MATERIAL TO PROCESS below:
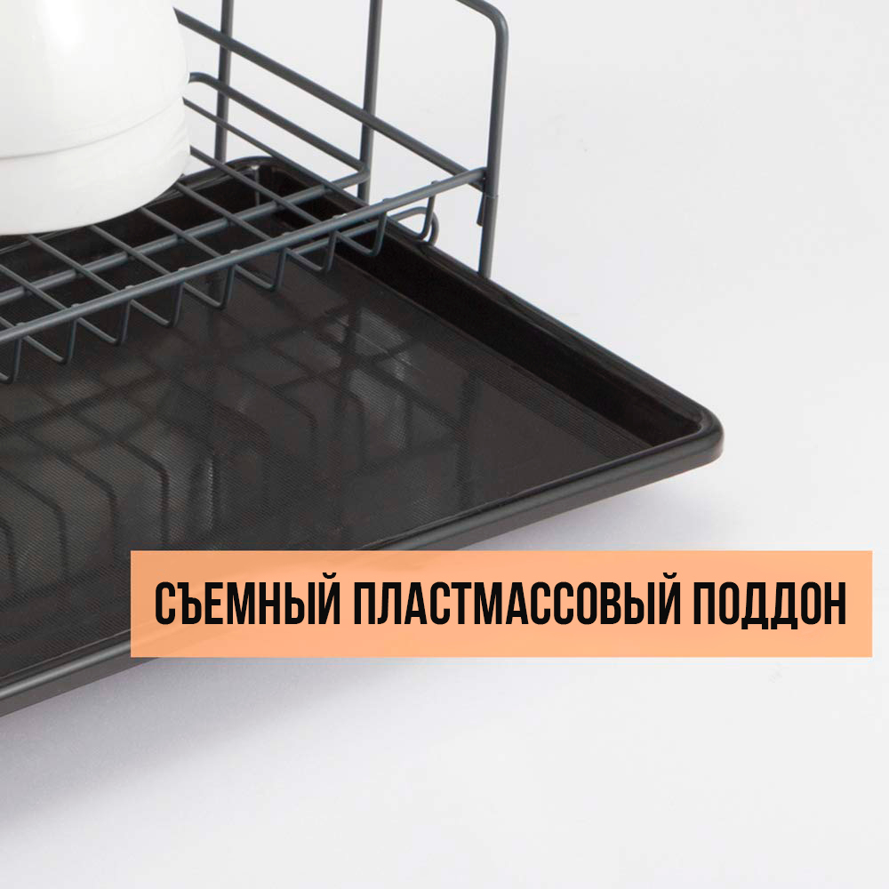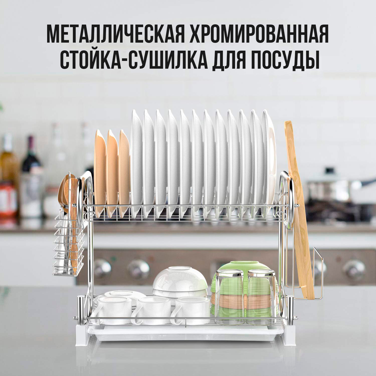 Сушилка для посуды Kitchen rack изготовлена из высококачественной стали с хромированным покрытием. Она защищена от коррозии, что очень важно для такого изделия. Конструктивно предусмотрена возможность установить любые столовые принадлежности. В сушилке есть места для тарелок, чашек, бокалов, вилок и других предметов. Вода с них стекает в пластиковый поддон, который очень легко вынуть, чтобы слить воду. Пластиковые ножки делают конструкцию устойчивой, препятствуют скольжению не царапая поверхности. Сушилка вмещает большой объем посуды, позволяет быстро высушить большое количество тарелок, не занимая много места. Сушилка прочная, долговечная, простая в уходе, имеет привлекательный внешний вид и надежную конструкцию.
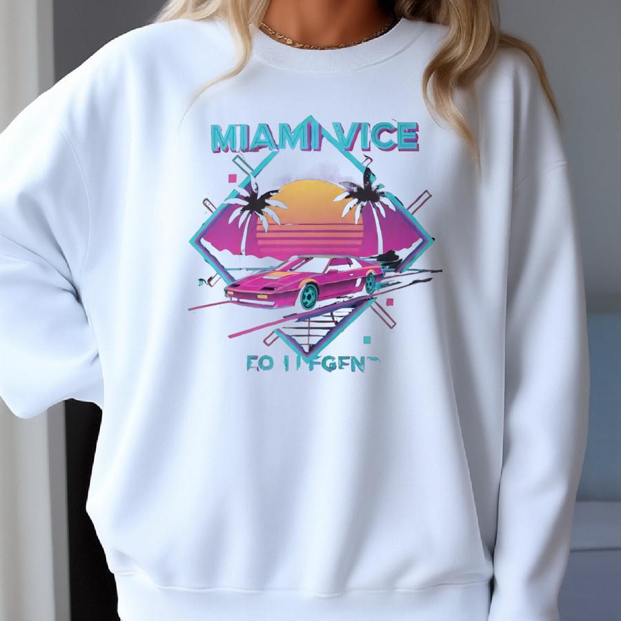 Miami Vice Hoodie: 80s Retro Car, Neon Sunset, Synthwave Apparel Sweatshirt
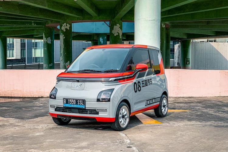 Jok masih dibungkus tapi modifikasi Wuling Air EV satu ini sudah tampil racing look. Pakai livery dan pelek langka ring 13 inci.
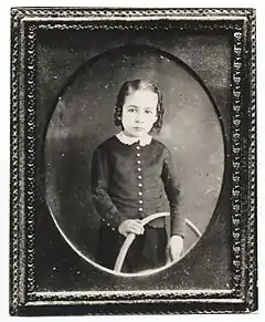 Eakins was born and lived most of his life in Philadelphia. He was the first child of Caroline Cowperthwait Eakins, a woman of English and Dutch descent, and Benjamin Eakins, a writing master and calligraphy teacher of Scottish and Irish ancestry.[5] His father grew up on a farm in Valley Forge, Pennsylvania, the son of a weaver. He was successful in his chosen profession, and moved to Philadelphia in the early 1840s, to raise his family. Thomas Eakins observed his father at work and by twelve demonstrated skill in precise line drawing, perspective, and the use of a grid to lay out a careful design, all skills he later applied to his art.[6]
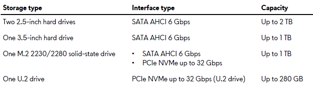 - One M.2 2242/2260/2280 solid-state drive, one 3.5-inch hard drive, and two 2.5-inch hard drives
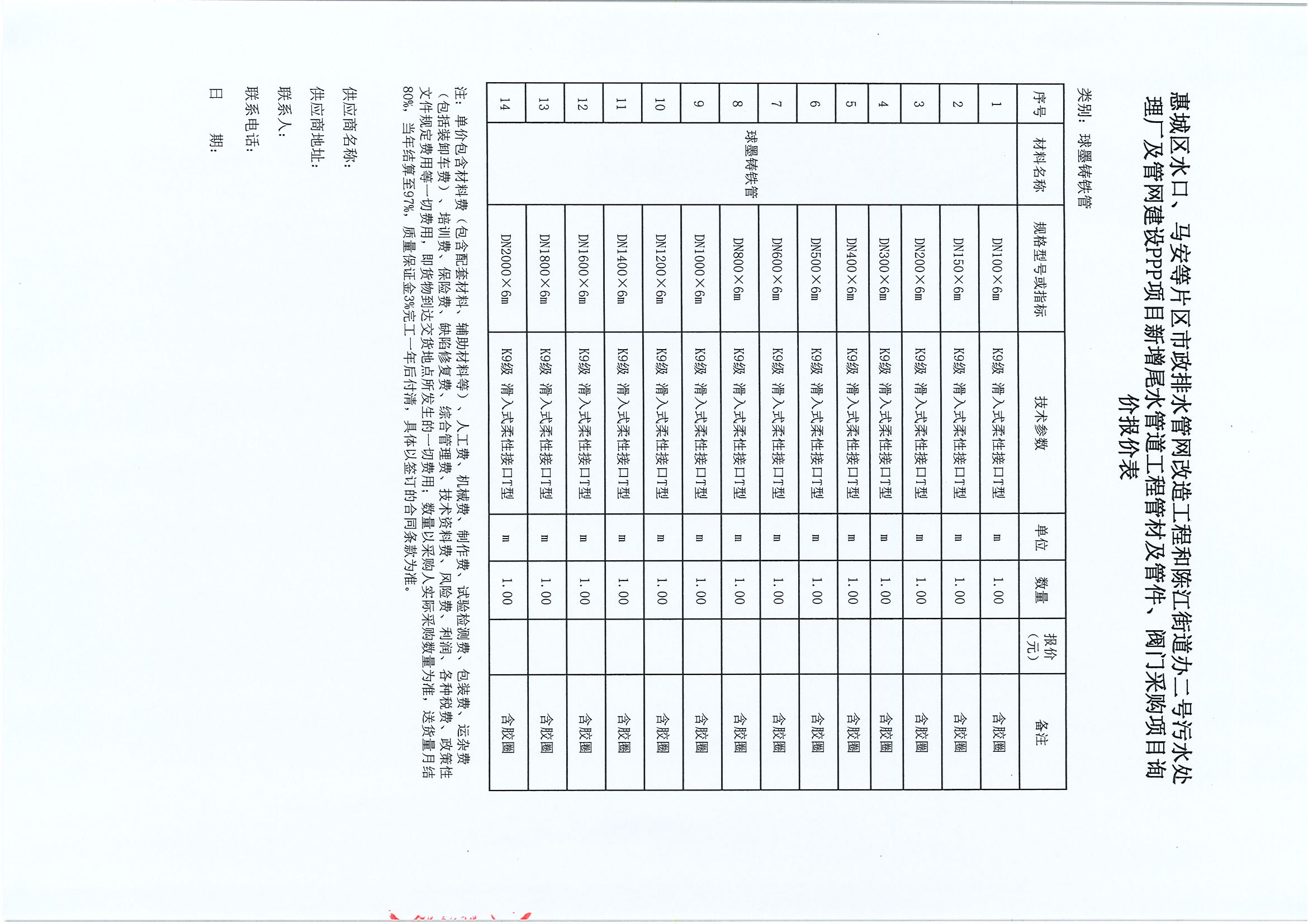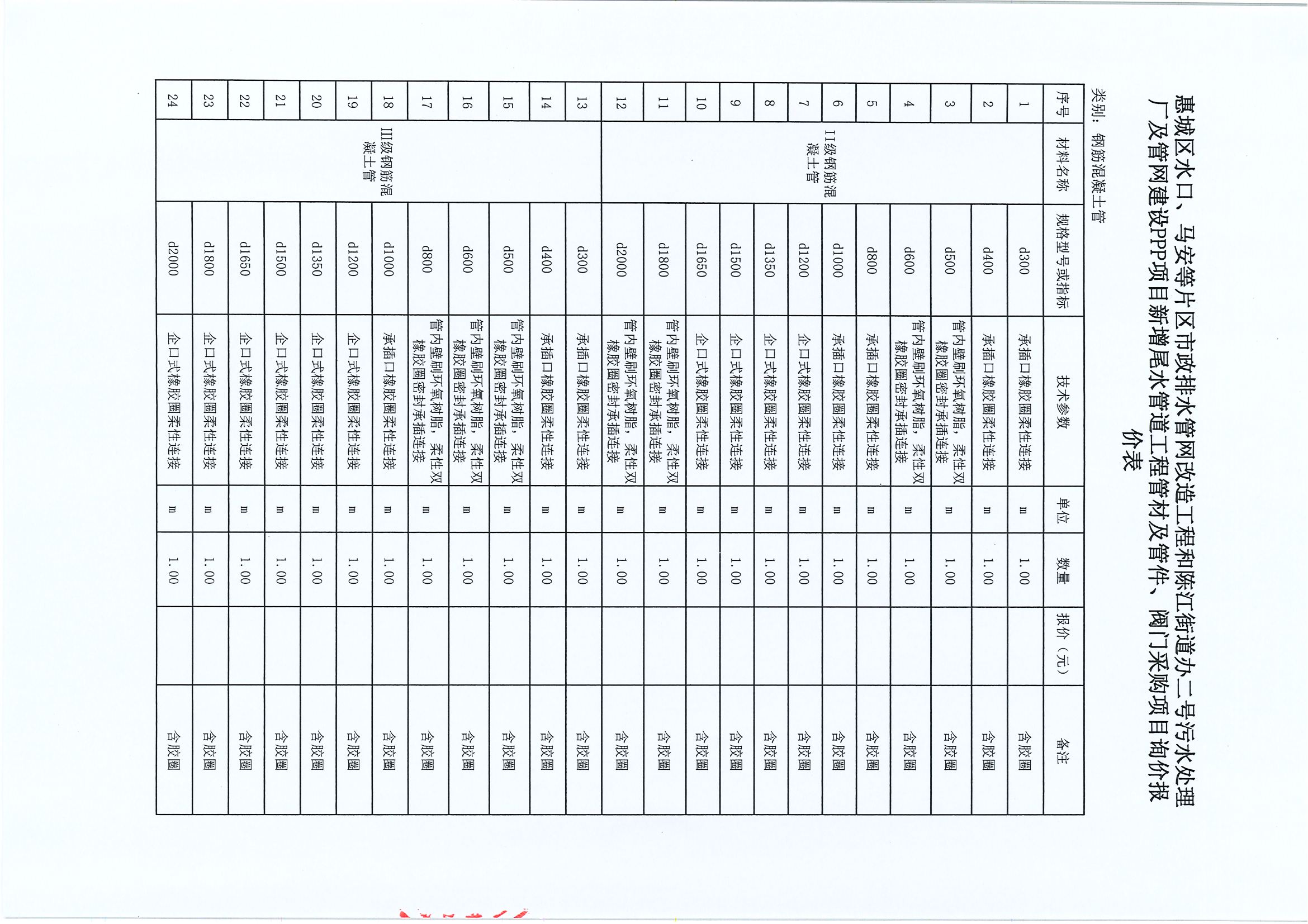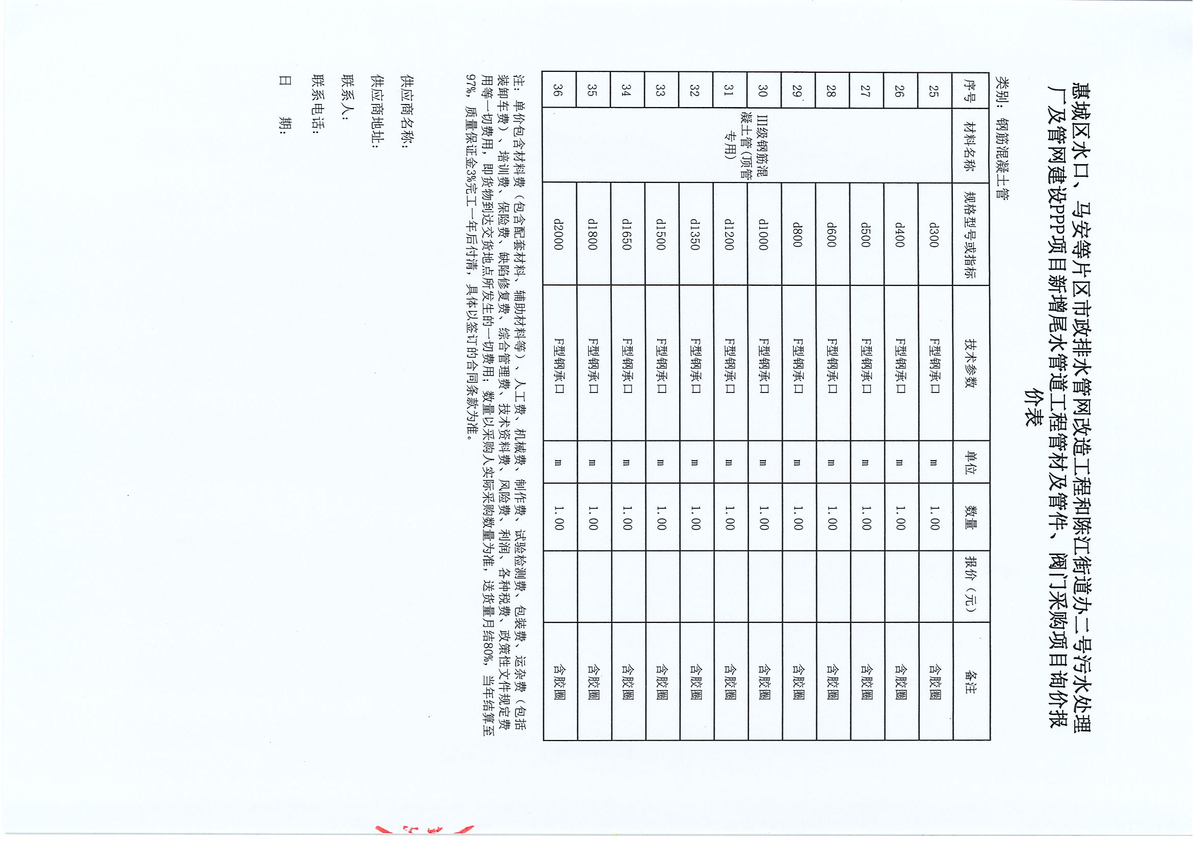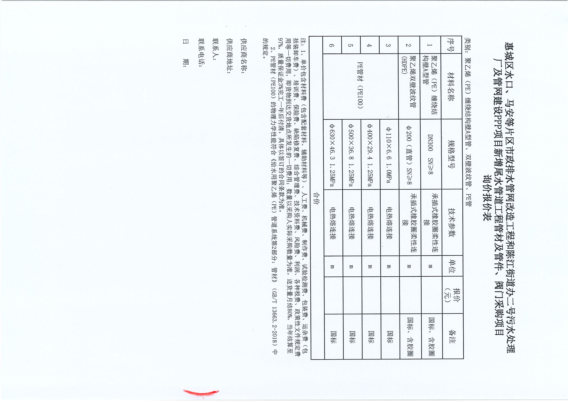 惠城區(qū)水口、馬安等片區(qū)市政排水管網(wǎng)改造工程和陳江街道辦二號(hào)污水處理廠及管網(wǎng)建設(shè)PPP項(xiàng)目新增尾水管道工程管材及管件、閥門采購(gòu)項(xiàng)目詢價(jià)公告
End of MATERIAL TO PROCESS.
* _WHAT YOU HAVE TO DO_: Copy every record exactly, but skip the pictures.

* _ANSWER AREA_:
 Сушилка для посуды Kitchen rack изготовлена из высококачественной стали с хромированным покрытием. Она защищена от коррозии, что очень важно для такого изделия. Конструктивно предусмотрена возможность установить любые столовые принадлежности. В сушилке есть места для тарелок, чашек, бокалов, вилок и других предметов. Вода с них стекает в пластиковый поддон, который очень легко вынуть, чтобы слить воду. Пластиковые ножки делают конструкцию устойчивой, препятствуют скольжению не царапая поверхности. Сушилка вмещает большой объем посуды, позволяет быстро высушить большое количество тарелок, не занимая много места. Сушилка прочная, долговечная, простая в уходе, имеет привлекательный внешний вид и надежную конструкцию.
 Miami Vice Hoodie: 80s Retro Car, Neon Sunset, Synthwave Apparel Sweatshirt
 Jok masih dibungkus tapi modifikasi Wuling Air EV satu ini sudah tampil racing look. Pakai livery dan pelek langka ring 13 inci.
 Eakins was born and lived most of his life in Philadelphia. He was the first child of Caroline Cowperthwait Eakins, a woman of English and Dutch descent, and Benjamin Eakins, a writing master and calligraphy teacher of Scottish and Irish ancestry.[5] His father grew up on a farm in Valley Forge, Pennsylvania, the son of a weaver. He was successful in his chosen profession, and moved to Philadelphia in the early 1840s, to raise his family. Thomas Eakins observed his father at work and by twelve demonstrated skill in precise line drawing, perspective, and the use of a grid to lay out a careful design, all skills he later applied to his art.[6]
 - One M.2 2242/2260/2280 solid-state drive, one 3.5-inch hard drive, and two 2.5-inch hard drives
 惠城區(qū)水口、馬安等片區(qū)市政排水管網(wǎng)改造工程和陳江街道辦二號(hào)污水處理廠及管網(wǎng)建設(shè)PPP項(xiàng)目新增尾水管道工程管材及管件、閥門采購(gòu)項(xiàng)目詢價(jià)公告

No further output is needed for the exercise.